#### Provided material

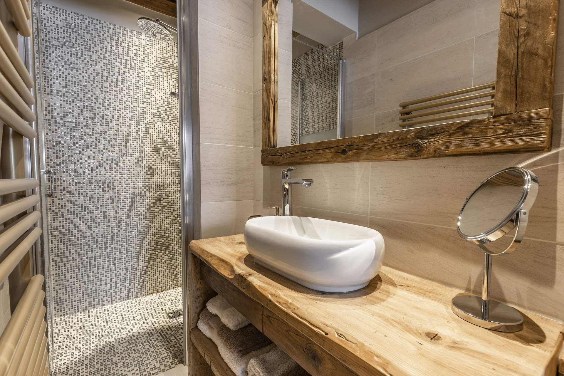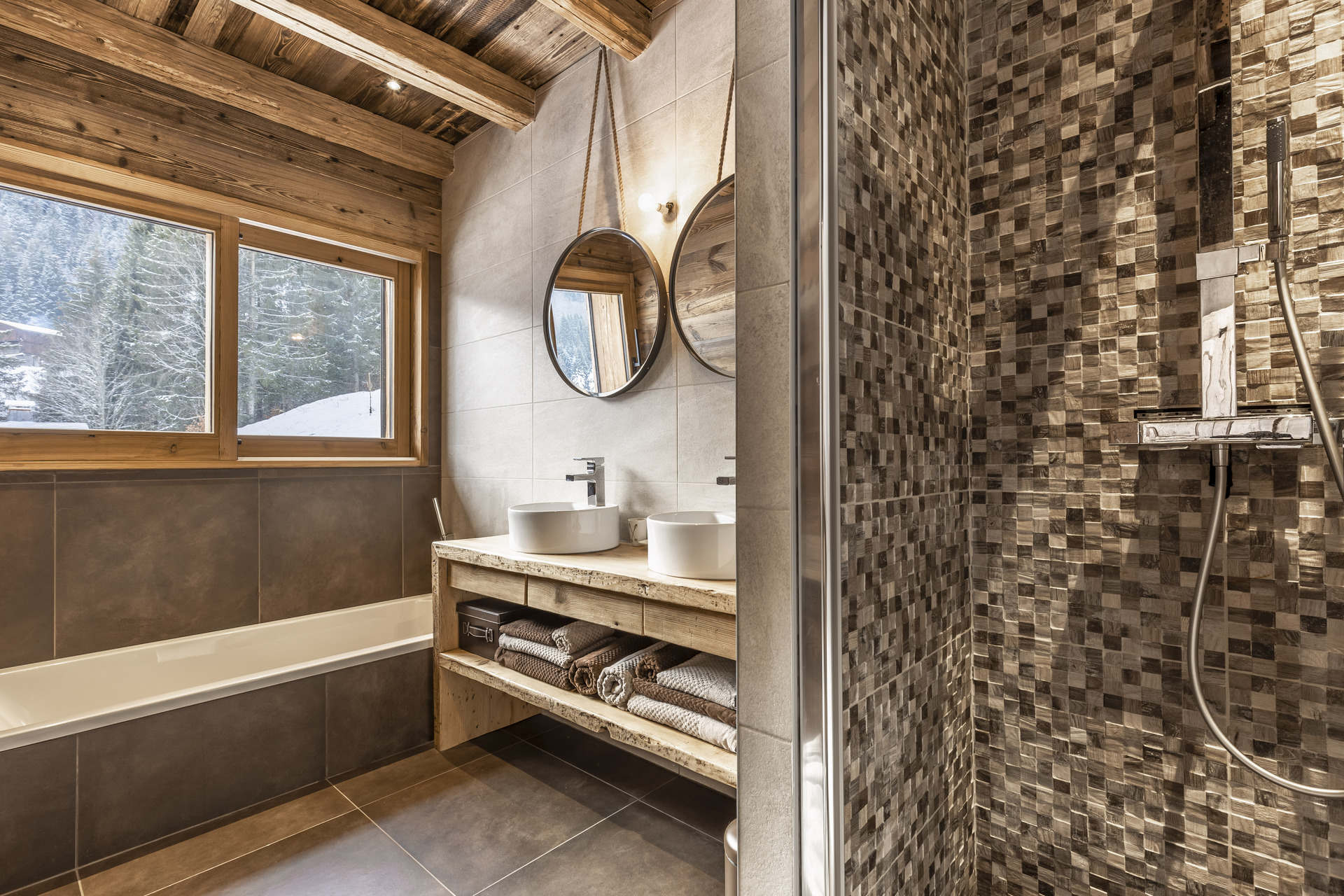 - BEDROOM (10.06m²) : 1 DOUBLE BED (160), east facing window, village / slopes / mountains view, south facing sliding bay-window, next door chalet / mountains view, access south facing terrace, adjoing SHOWER-ROOM (6.37 m²) : double washbasin, bathtub, shower, TOWELDRYER radiator, south facing window, terrace / next door chalets / mountains view
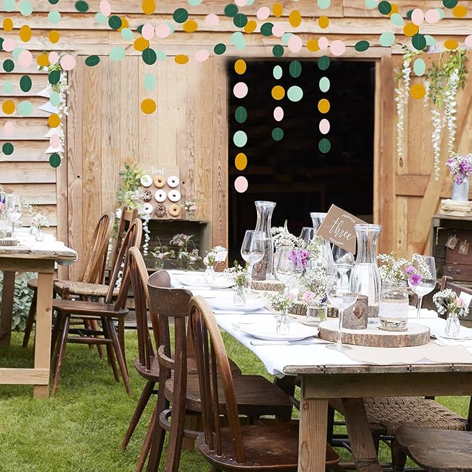 - 【 Easy to assemble 】Just open the package to hang it directly because they have been sewn together with double sturdy thread, which can really save your time and energy.The sage-green pink gold garland can be hanging from ceiling,above a table, under the verandah, or from branches in trees .
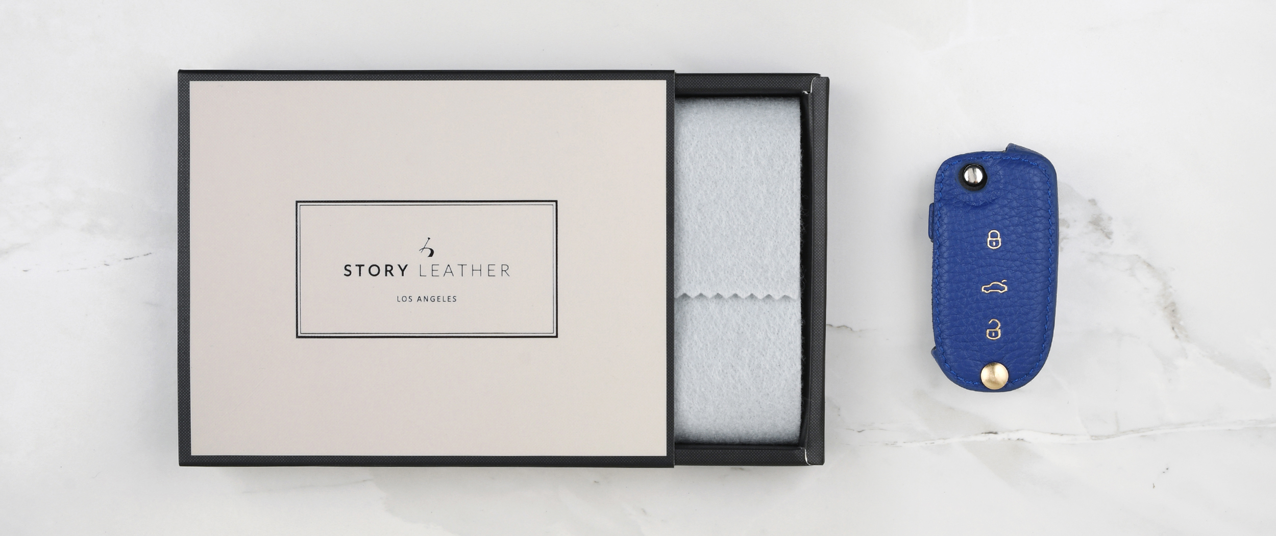 Blue keychain buckle, used with the leather case itself.
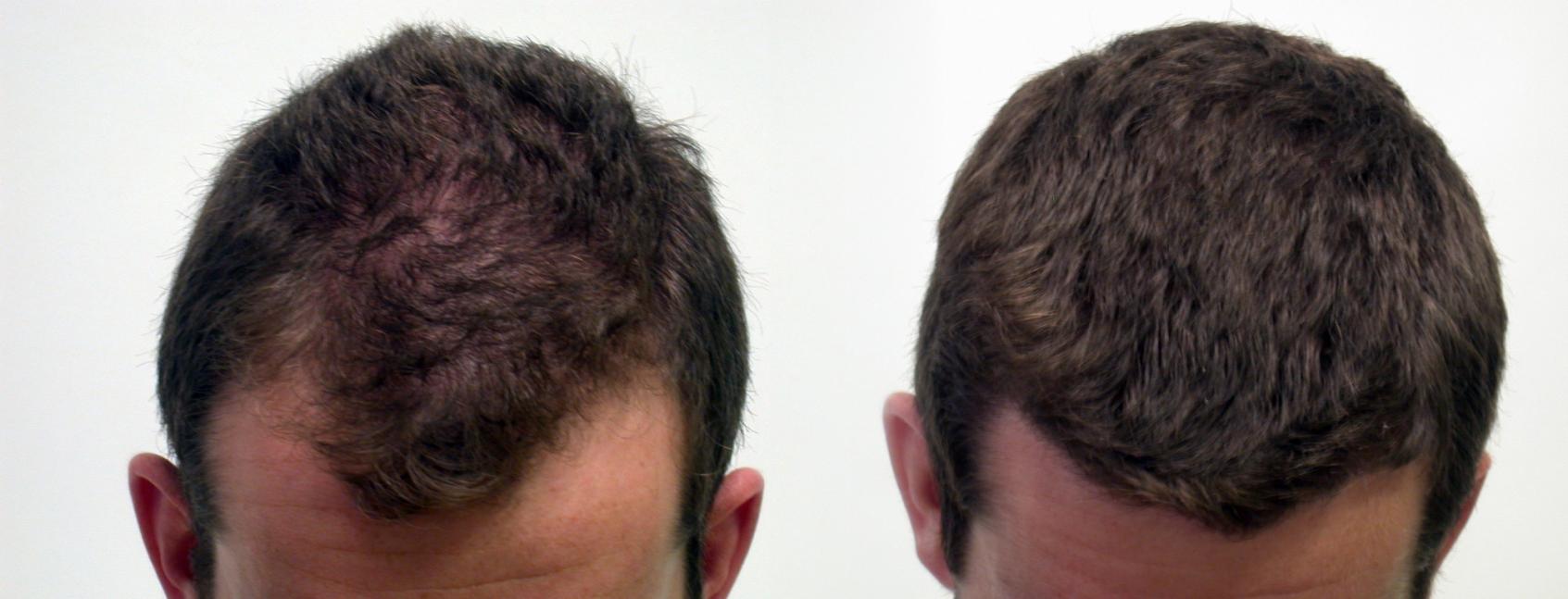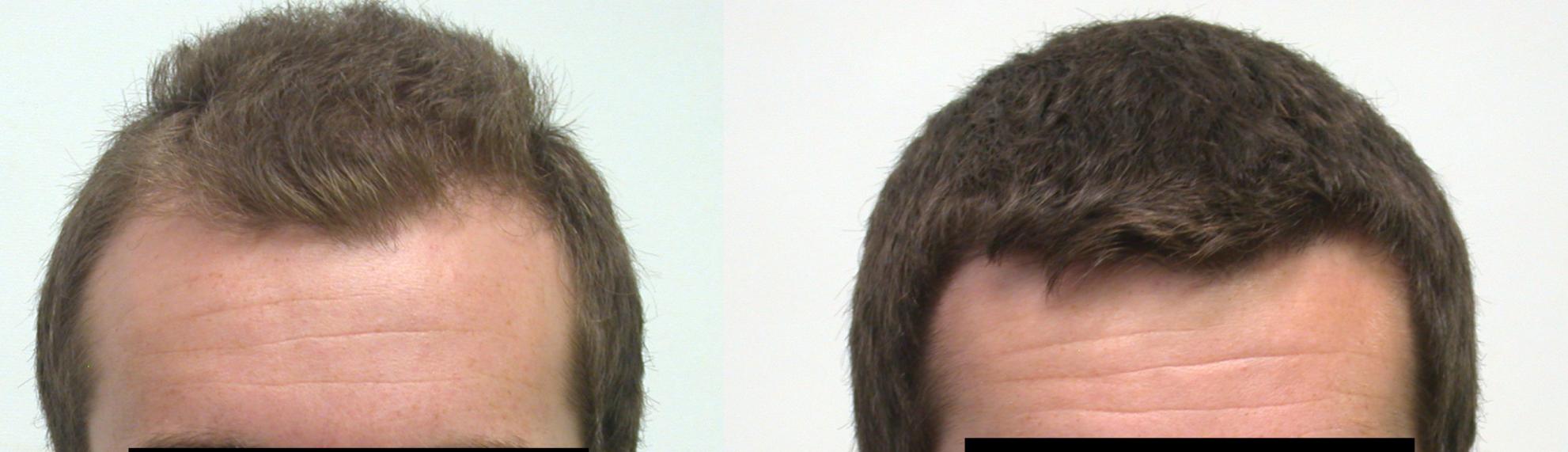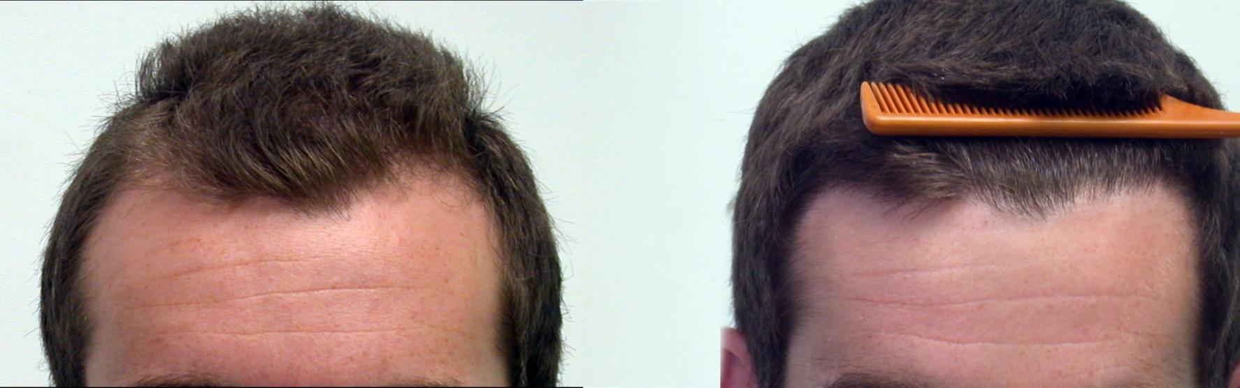 This young man came to Dr. Keene to add density to the central area, and fill in his temporal recession. The high contrast between his dark hair and light skin required higher density to avoid seeing through the hair to the scalp. He was taking Finasteride prior to the surgery for over a year. We placed 1724 grafts, averaging about 35 grafts per square cm. Here is the graft break down:
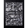 Accumulation of metal cutlery on wood panel
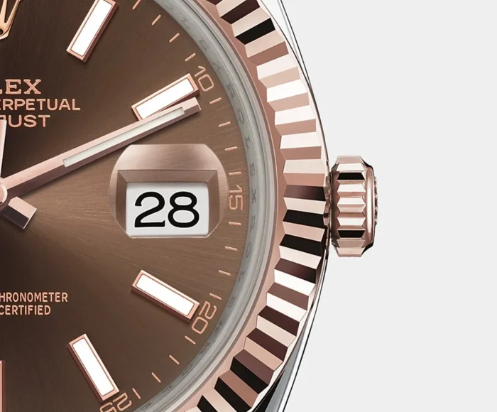 - Scratch-resistant sapphire, Cyclops lens over the date
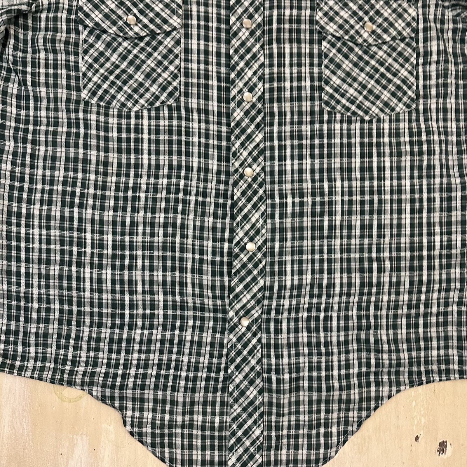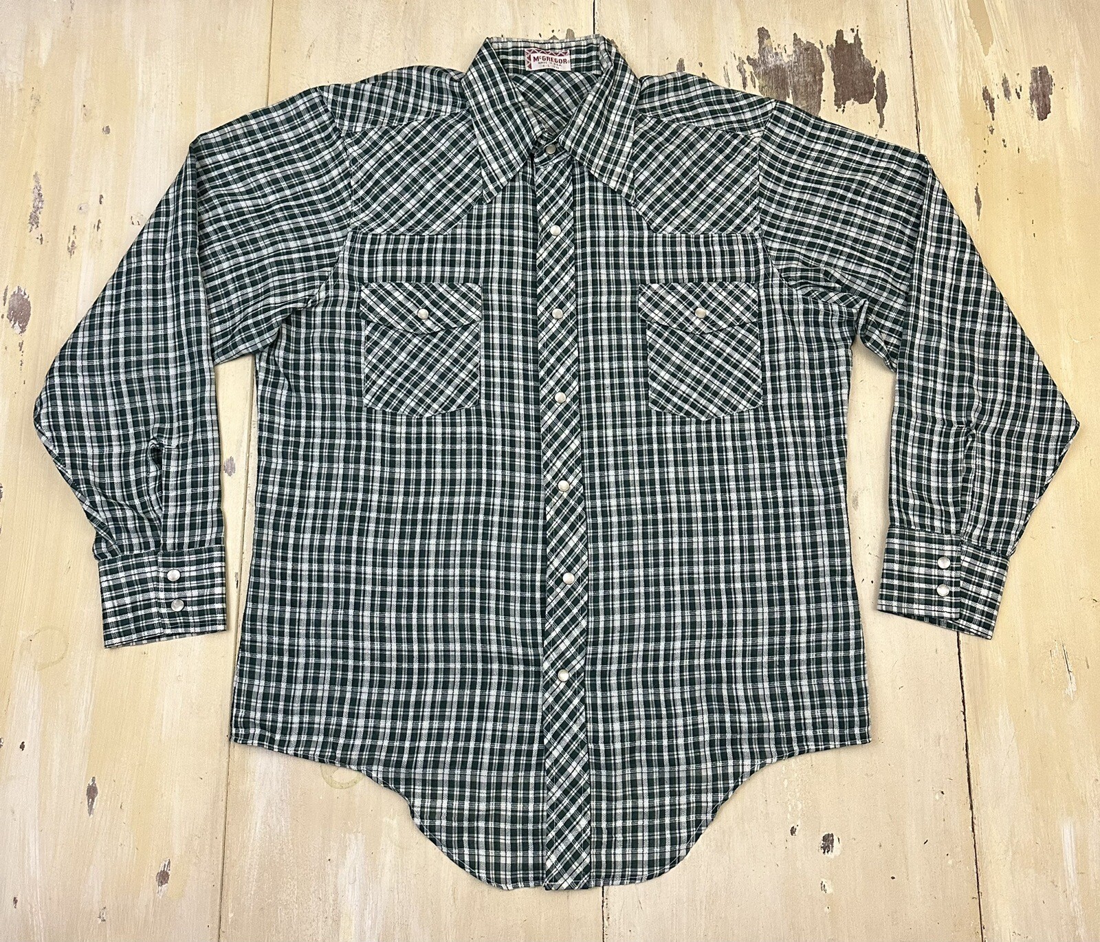 как выглядит MCGREGOR - Vtg 70s-80s Thin Soft Blue Plaid Pearl Snap Western Shirt, Mens LARGE фото
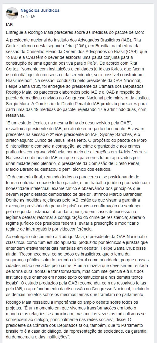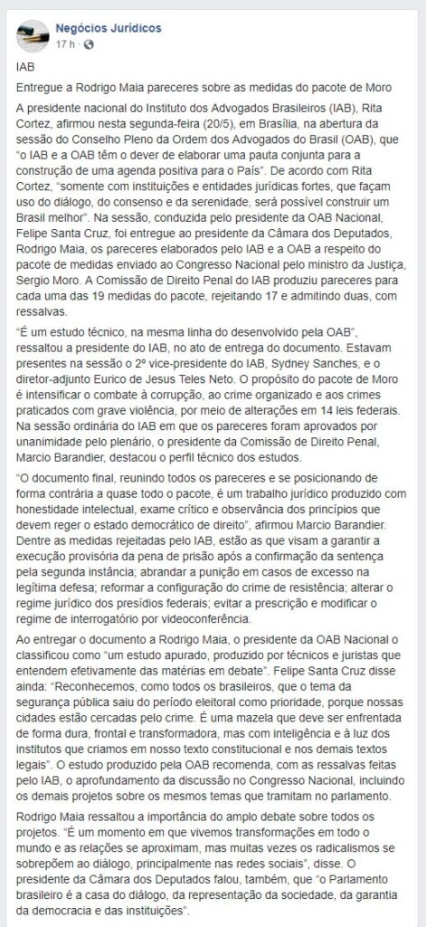 Início » IAB na imprensa » IAB entrega a Rodrigo Maia pareceres sobre as medidas do pacote de Moro
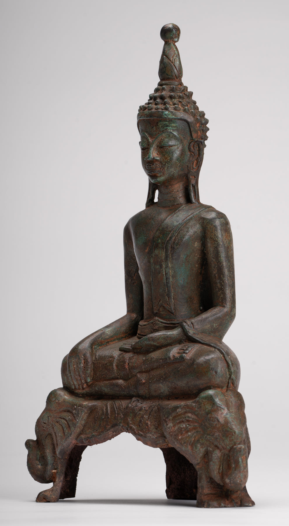 Un Buda de la Ilustración inusual al estilo de Laos, sentado en un trono de elefante de tres puntos.
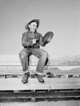 Clipping reads: "It's stock show time! Beating out the show call for the Pecos County 4-H Club boys at the Southwestern Exposition and Fat Stock Show Friday was 11-year-old Larry Powell of Iraan, Texas." The young boy is perched on the top rail of an 8 foot fence. His gong was an iron spider frying pan and the beater a butcher knife. He's wearing jeans, a jacket, and a cowboy hat. Star-Telegram Evening Edition March 8, 1946.
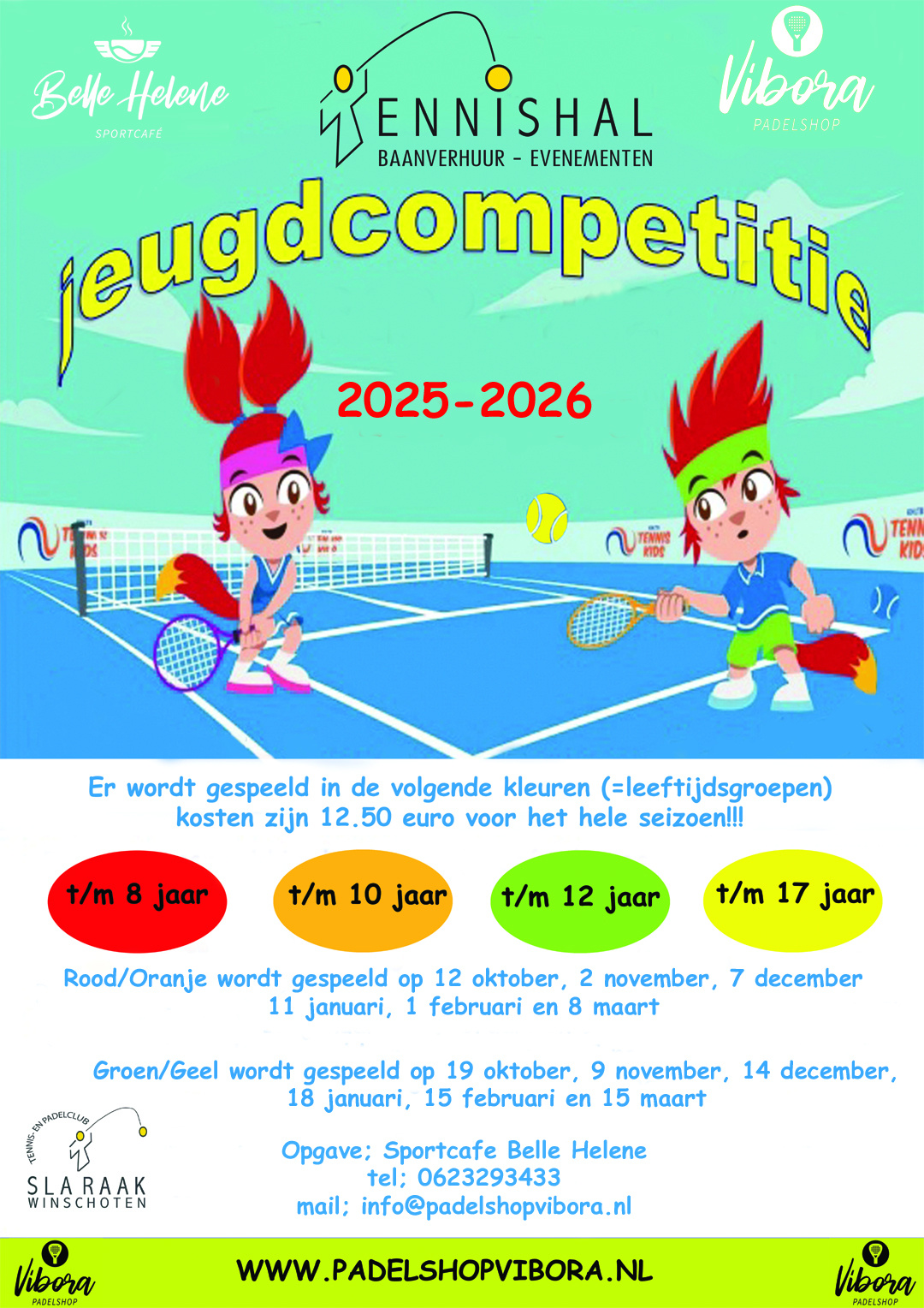Elk jaar organiseren Sportcafé Belle Helene en Tennishal Winschoten een dynamische competitie voor kinderen van álle niveaus, verdeeld in de bekende KNLTB-kleurgroepen: rood, oranje, groen en geel. In dit seizoen nemen kinderen twaalf zondagen lang deel aan spannende wedstrijden vol sportiviteit én gezelligheid. Deelname kost slechts € 12,50 per kind.

#### Task description
Though the entries above contain pictures, none should be copied; reproduce only the lines between the one holding "Accumulation of metal cutlery on wood panel" and the one holding "Un Buda de la", inclusive, exactly as written.

#### Response
 Accumulation of metal cutlery on wood panel
 - Scratch-resistant sapphire, Cyclops lens over the date
 как выглядит MCGREGOR - Vtg 70s-80s Thin Soft Blue Plaid Pearl Snap Western Shirt, Mens LARGE фото
 Início » IAB na imprensa » IAB entrega a Rodrigo Maia pareceres sobre as medidas do pacote de Moro
 Un Buda de la Ilustración inusual al estilo de Laos, sentado en un trono de elefante de tres puntos.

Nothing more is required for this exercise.